Originally Posted by arleneh8745
Hello, I really felt your pain, concern and your story made me think as a newcomer...these are things I have to think of as well. All of my life, my family is always on me about the bad things I eat and how much I eat...I wonder once I focus on getting healthy if my family would react differently and say things like, "Are you sure you don't want to eat that slice of pie, it's Thanksgiving." As if they want to see if I'm going to mess up, so to them it is a little test...I already know it's going to happen because it has happened in the past when I was on weight watchers I just counted the points. When I was going through my struggles with food, I just ate it and would say once I finished, "Thank you, that's my slice of pie for the year." I always felt guilty though after I ate it, because I didn't stand up for myself. This year will be a real change for me with my family because they are always saying little comments to me about my health even if I don't bring it up. As for co workers, they are just as bad if I tell them I started weight watchers again...they say good luck and change the subject or if there is a cupcake or something they will ask if I would like one...usually I say yes and justify the situation in my head by saying,"You haven't had a cupcake in a few months, it's ok."

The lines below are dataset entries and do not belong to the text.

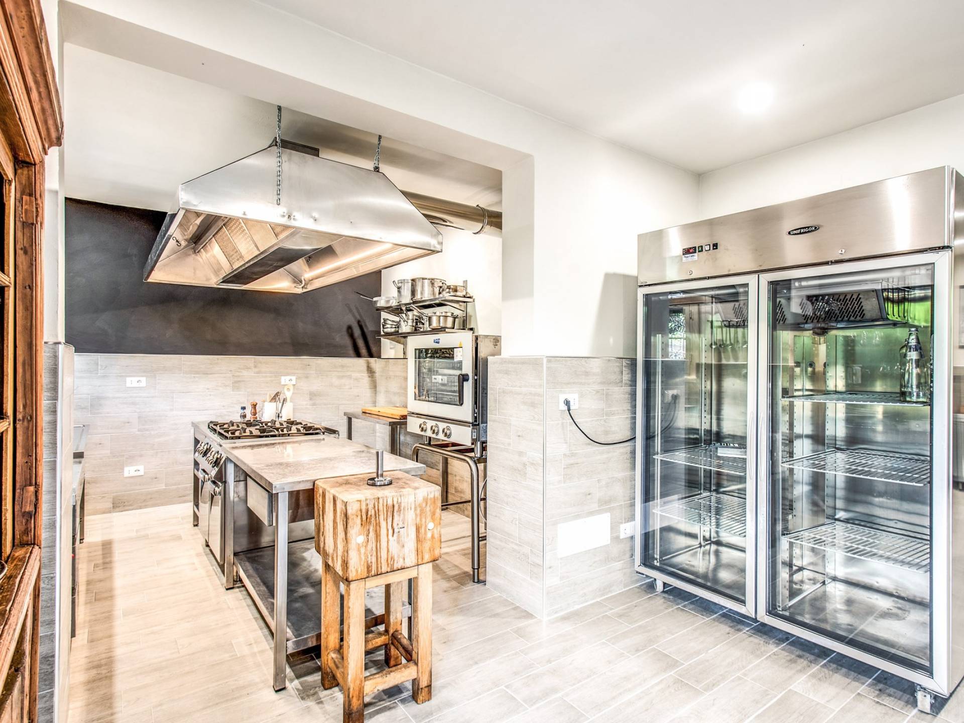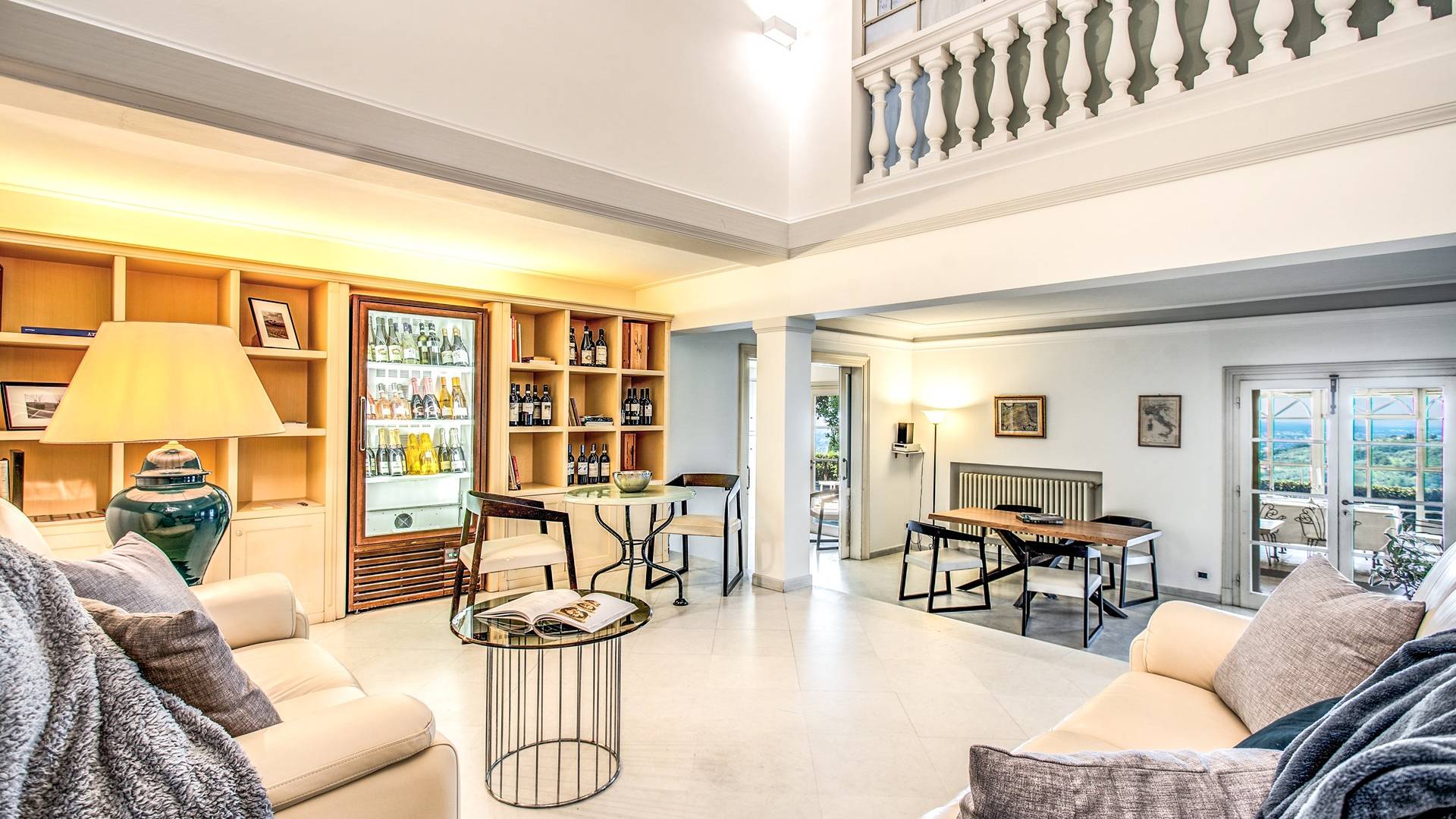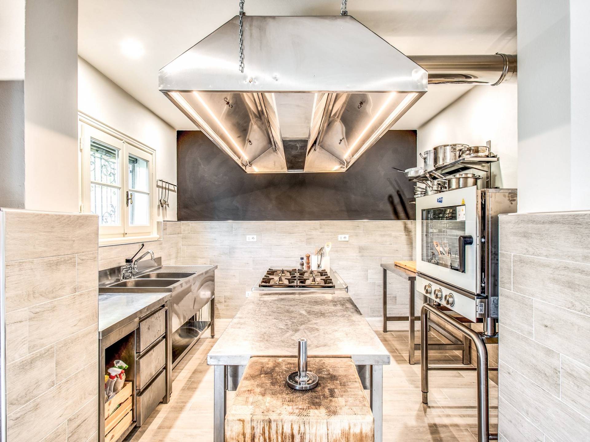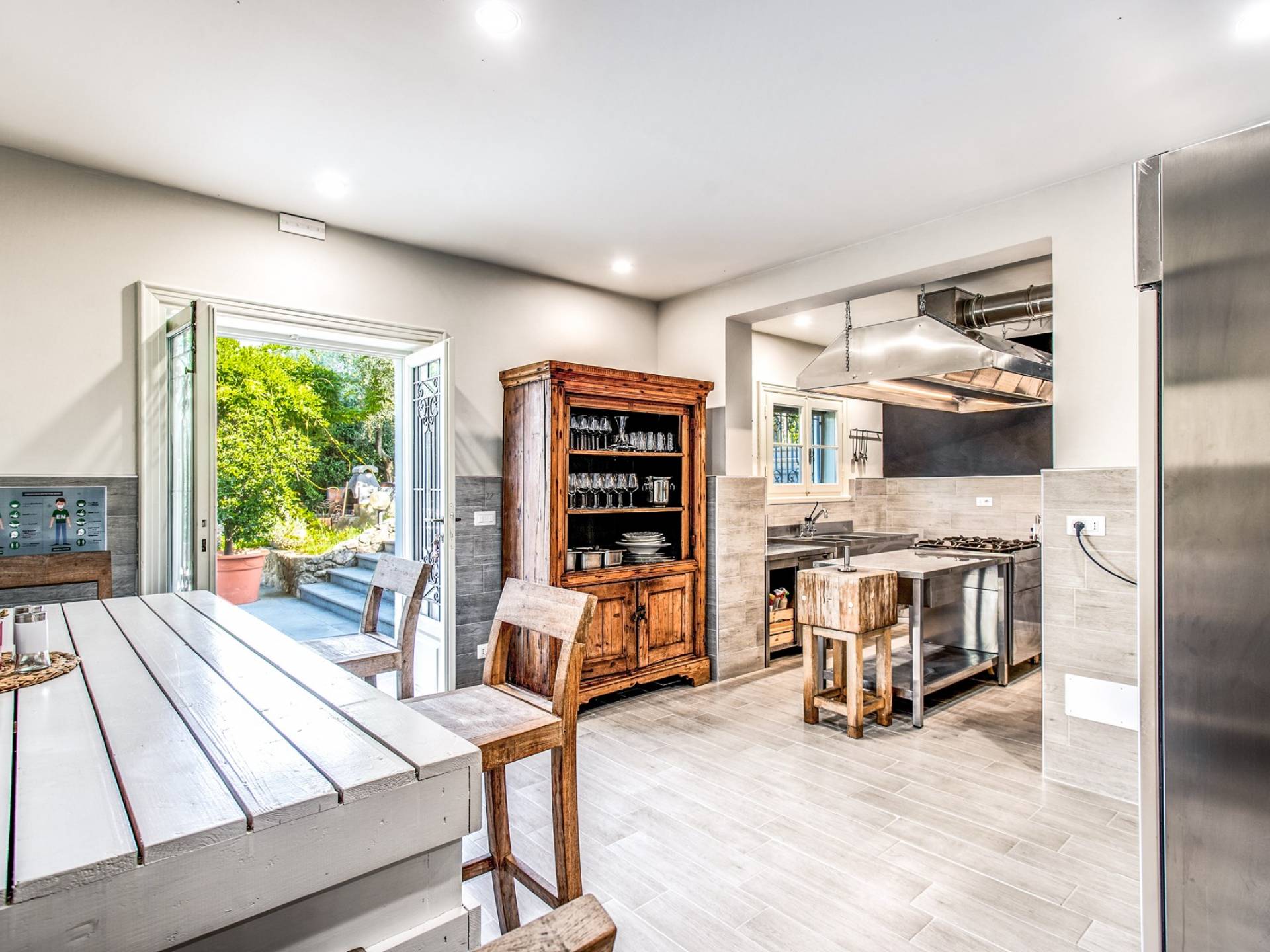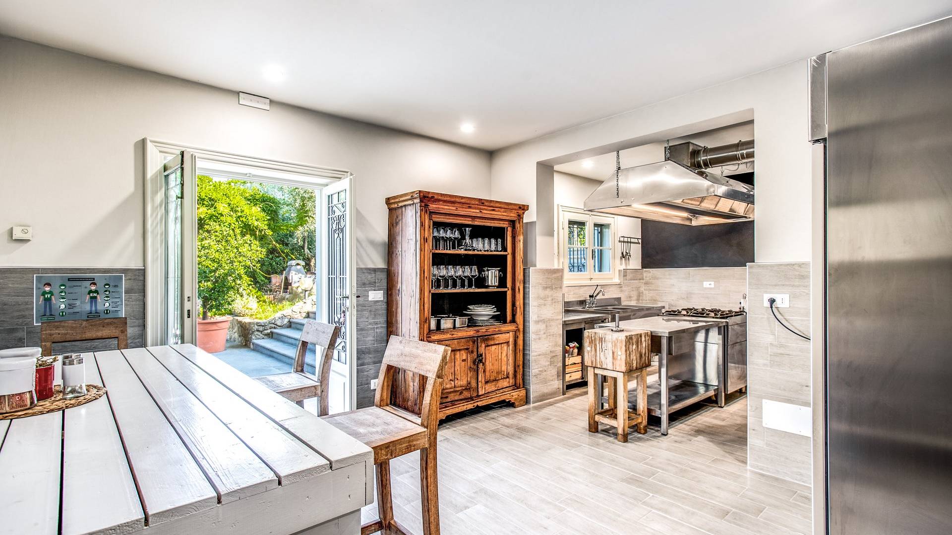 The interiors include a spacious living room, a veranda and dining area with spectacular garden vistas, and a professional kitchen that will make a perfect location for cooking classes. The home design, approached with simplicity and space for light, results in a modern style, comfortable and soothing: this is a family retreat full of light and a joyful, welcoming vibe.
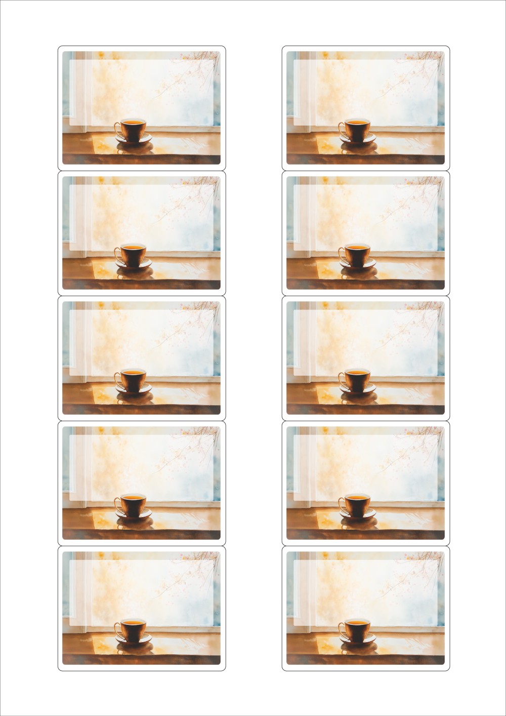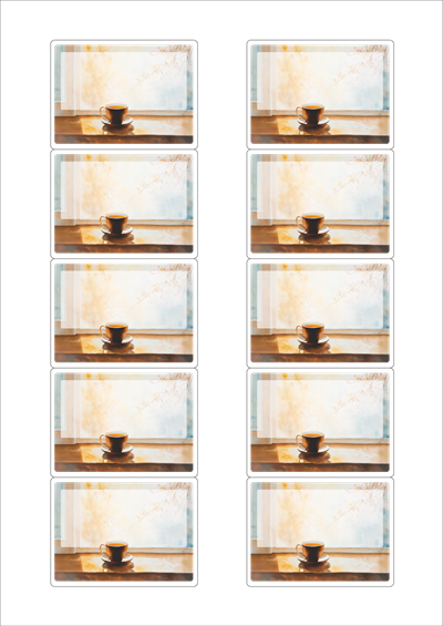 디자인된 A4 라벨지 출력용 라벨스티커, 규격코드: 525, 디자인코드: DA1425(가을날의 카페 창가에서), 69.7 x 51.86 (mm)
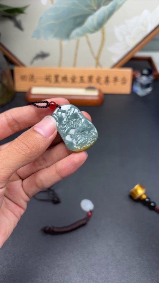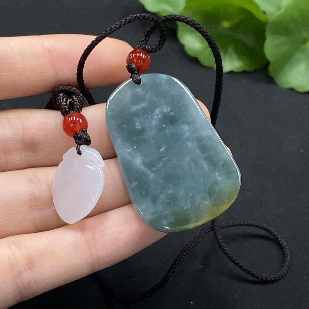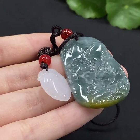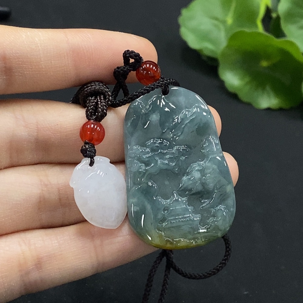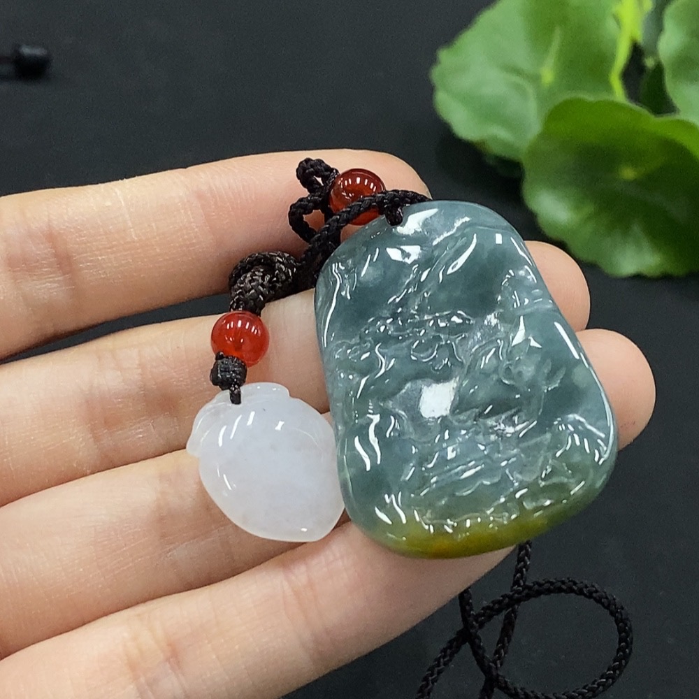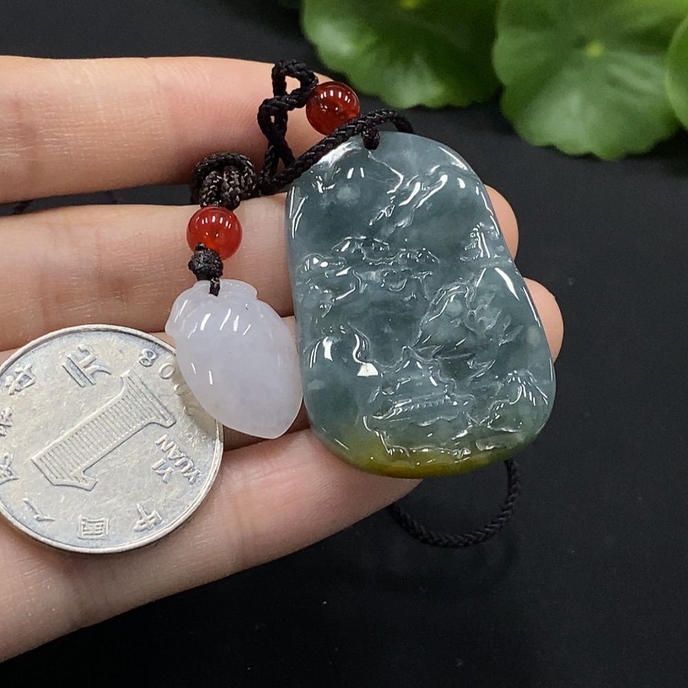Jadeite Longevity Peach/Landscape Pendant with Non-A Grade Beads
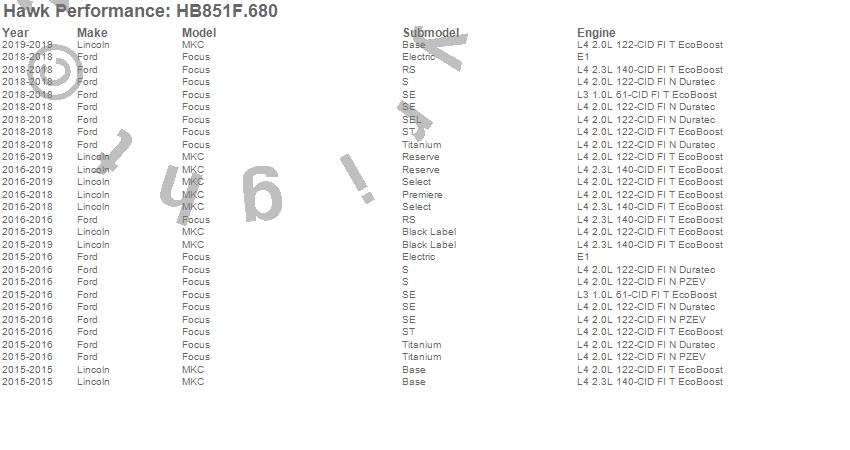 Hawk Performance #HB851F.680 HPS Disc Brake Pad Features:
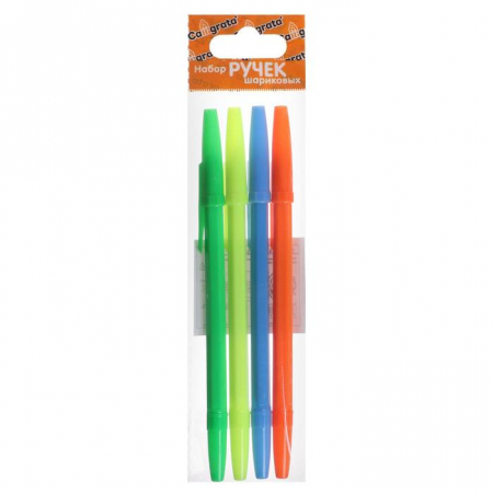 Набор ручек шариковых 4 штуки, стержень 0,7 мм синий, корпус НЕОН (арт. 5477664)
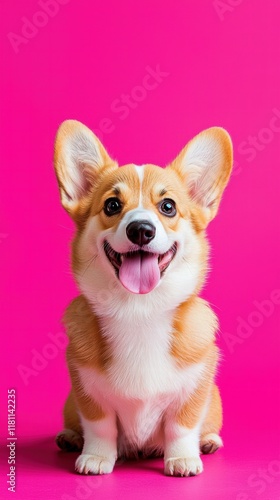 © Agnieszka, Obraz premium Playful corgi puppy on a table against a vibrant pink backdrop
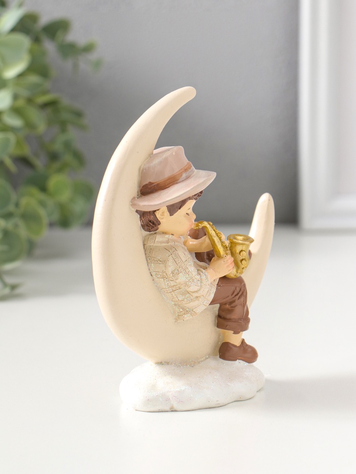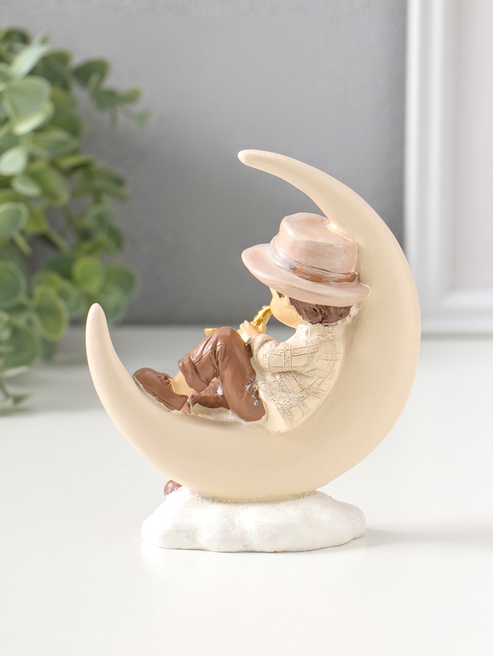Фигурка полистоун «Мальчик на месяце играет на трубе», 13 см

I think we need to just be honest and if we relapse just start over. We not only need to be honest with ourselves, we need to be honest with our loved ones and co workers and friends. My mother and my best friend tell me they only eat bad when they are around me...that makes me feel terrible that I encourage bad eating habits. I don't want to be the person who allows others to eat that slice of pie or pizza or cupcake. I want to be the one that says, "I really don't want it, thank you for offering, it looks delicious." It is hard for me to stand up for myself and say no to anything and that is something I will be learning through this program and another that I signed up for as well. I just registered tonight and would like to add you as a friend if I could because I feel that we need to support each other. As for boyfriends, I will tell them that I am in the process of changing my lifestyle and if he can't accept that, then he and I should just be friends...again, that would be very hard for me to do. It's easier to say to someone else but to actually say it to that person is hard. I do not drink at all either and I go through the Oh you don't want just one glass of wine for a birthday celebration...from my own 92 year old grandmother!! And trust me, she does not act 92 by far, she is younger than me in so many ways lol. Thank you for posting your post, you are the first person I replied too!! Let's help each other.